Every reach for a laugh is forced. Each plot point, each scuffle is engineered with the sole purpose of pointing the movie toward the awaited boss battle encompassing the final twenty minutes. And nothing is done to give the story any worth beyond its threat to the general human race. At one point, our Avengers, in looking for a secret hideaway from the omniscient and seemingly unstoppable villain bent on destroying the world, almost comically seek refuge in the abode of Hawkeye’s family, which has never before been mentioned. When they get there, his wife might as well be innocently making breakfast while the kids play with their toys.
You remember when you were a child, jumping from couch to couch to avoid the hot lava, how your parents would walk through the imaginary pit of scalding molten rock unharmed, as if to say your silly imaginary world wasn’t worth dealing with? That’s kind of what this scene feels like.
There’s not much more to this story I can rip on.
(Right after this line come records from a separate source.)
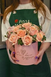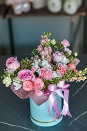 Шляпная коробка мини из роз, гвоздик и маттиолы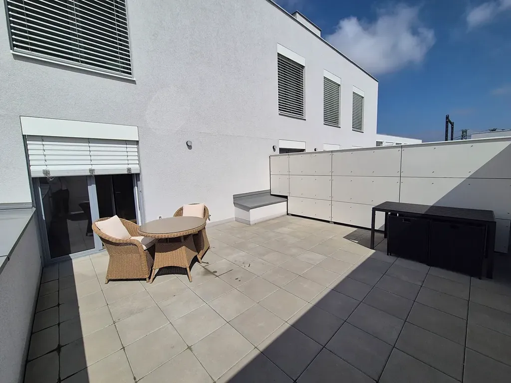 Terasa: Z obývacího pokoje je vstup na prostornou terasu s ratanovým nábytkem, která nabízí skvělý prostor pro relaxaci.
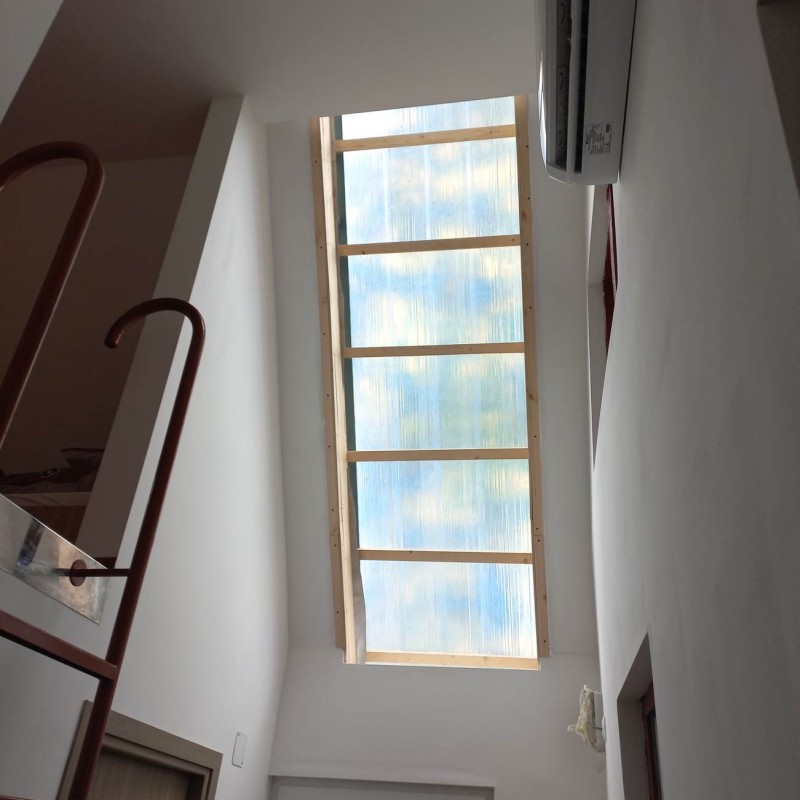 A tetőtérbe a nappaliból lehet feljutni, ahol kettő hálófülke lett kialakítva, két-két heverővel, éjjeliszekrénnyel, és TV-vel felszerelten. A tetőtéri feljáróba került felszerelésre egy inverteres klíma, mely a ház hűtését-fűtését hívatott biztosítani.

There’s not a lot it gives us, period, but allow me to give some social commentary on the matter.
I’d like everybody to watch 1978’s Superman, the one with Christopher Reeve and Gene Hackman. Superheroes used to be crime fighters, not fighters. Heroes and villains weren’t complex characters. All the former needed to do was embody everything selfless and righteous about the ideal citizen, while the latter needed to incorporate the personal interests of greed and recklessness. The villain didn’t want to fight the superhero, but he would if he had to. And between those, the concept of the community and the concept of the individual, there was a clash. And I mean a true, meaningful, precipitated clash.
Today, superheroes don’t want to think about each other (Black Widow, played by Scarlett Johansson, is Banner’s out-of-place love interest), and villains don’t want to wreak havoc. But they will each fulfill their respective duties if they must, only if it helps them take care of their jobs and give the audience what it wants, an empty slugfest more for people to forget than to remember.
It’s not even necessarily that I’m targeting big blockbusters that overshadow the really good movies that can’t afford sufficient marketing. I love The Force Awakens, probably more than I should, even when I try only to like it. What I’m waiting for, and call me a dreamer, is a time where the right movies get the right attention that’s coming to them.
Has “Avengers: Age of Ultron” earned that? No.